Lorsque vous annoncez une mauvaise nouvelle et qu’un client éprouve une colère soudaine ou des émotions négatives extrêmes, l’amygdale, un petit organe situé dans le lobe temporal médian du cerveau, est stimulée, entraînant la libération d’hormones qui  » mobilisent le rythme cardiaque, les muscles, la pression sanguine, la respiration et la concentration… et une fois dans un état d’élévation de l’amygdale, (on est) littéralement incapable de traiter la complexité ou la subtilité. »

Donc, une fois que vous avez informé votre client que l’offre de règlement était ridiculement basse, que la motion de jugement sommaire a été accordée et que sa demande a été rejetée, ou que le juge a une fois de plus refusé une demande de libération sous caution, reconnaissez que votre client est dans un « état d’élévation de l’amygdale » et qu’il est incapable de traiter ou de comprendre des idées complexes.

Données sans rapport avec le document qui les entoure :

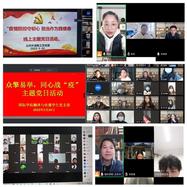 3月23日-24日,国际学院党委5个师生党支部相继开展“疫情防控守初心,担当作为践使命”“众擎易举,同心战‘疫’”等线上主题党日活动,深入学习贯彻习近平总书记关于疫情防控工作的重要讲话和重要指示批示精神,不折不扣落实省委和校党委疫情防控工作会议精神,结合当前疫情防控形势及工作实际,充分发挥基层党组织的战斗堡垒作用和共产党员的先锋模范作用,让党旗在疫情防控一线高高飘扬。

À ce stade, il est recommandé de « cesser d’expliquer, de raisonner : cesser de parler comme un avocat. Au lieu de cela, réfléchissez à la façon d’aborder et de calmer les émotions de (votre) client, ou laissez simplement le temps à (votre) client de retrouver son équilibre. »

Ce sont d’excellents conseils et ils sont contraires à l’instinct de la plupart des avocats dans cette situation. C’est certainement le cas pour moi, car, après avoir annoncé une mauvaise nouvelle, je ressens souvent le besoin d’expliquer en détail comment et pourquoi nous en sommes arrivés là. Et, dans le contexte d’une affaire juridique, ce processus nécessite généralement l’utilisation du jargon juridique pour expliquer des concepts et des procédures juridiques complexes – apparemment la dernière chose qu’un client en colère et influencé par l’amygdale a besoin d’entendre.

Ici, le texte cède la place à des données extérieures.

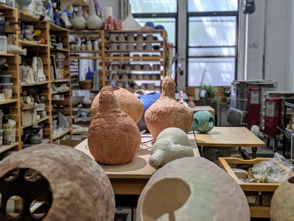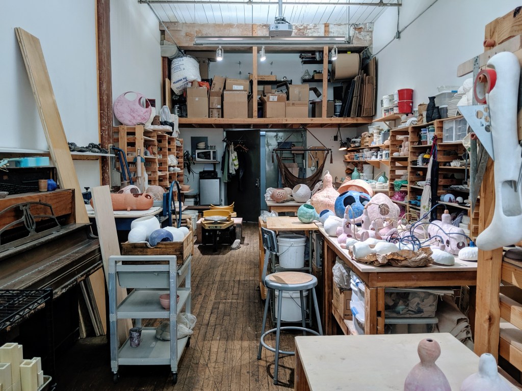 Her studio is a step toward this goal. This includes monthly meet-ups she hosts with the other artists in her shared space and guests from all mediums: scientists, poets, pianists and more. “They come here to share their work,” she says. In many ways, one can imagine the inspiration and ideation that abounds here is an equal draw for these guests, not just the opportunity to present or perform. “There are many different ideas,” she concludes. “Coming up with the idea is the easy part. But then actually doing it, or picking one, is hard for me.”

Alors, la prochaine fois que vous annoncez une mauvaise nouvelle à un client, prenez du recul, respirez profondément et donnez à votre client un peu d’espace – et d’empathie. Un petit peu vous mènera loin.

 

2. Votre front office peut avoir un grand impact 

L’un des points centraux est l’importance d’établir un cadre émotionnel positif dans vos relations avec les clients. On vous suggère que si vous prenez des mesures pour démarrer les choses du bon pied, cela sera payant à long terme.

Il est important d’établir un ton positif dès le départ en s’assurant que toutes les interactions de votre client avec votre cabinet sont agréables et que votre client se sent bienvenu dès le début. On vous suggère de  » soigner les petites choses « , notamment :

  • Une réceptionniste ou une interaction administrative accueillante
  • Des espaces de réception confortables, avec de bons magazines, de la musique, etc.
  • Autres conforts : café, eau, nourriture (le chocolat est bon !)
  • Un parking validé ou des conseils détaillés si le stationnement, les directions ou la circulation risquent d’être délicats.

Souvent, je pense que les professionnels négligent l’importance d’une porte d’entrée positive dans leur bureau et c’est une énorme erreur. Si vous n’êtes toujours pas convaincu, repensez à une récente visite chez votre médecin. Il ne fait aucun doute qu’au moins un de vos rendez-vous de l’année dernière a été marqué par une rencontre très désagréable avec une réceptionniste impolie, hostile ou méprisante. En fait, cette norme semble être la norme ces derniers temps. Ce type d’interaction vous donne l’impression d’être malvenu, peu important et plein de ressentiment – et ne fait certainement rien pour préparer le terrain à une interaction positive avec votre médecin lorsque vous le voyez enfin 60 minutes plus tard.

Les cabinets d’avocats ne sont pas différents. Si vous voulez commencer chaque interaction avec vos clients sur une note positive, et ainsi obtenir une bonne connexion avocat / client, il est important de s’assurer que la porte d’entrée du rendez-vous est agréable et accueillante.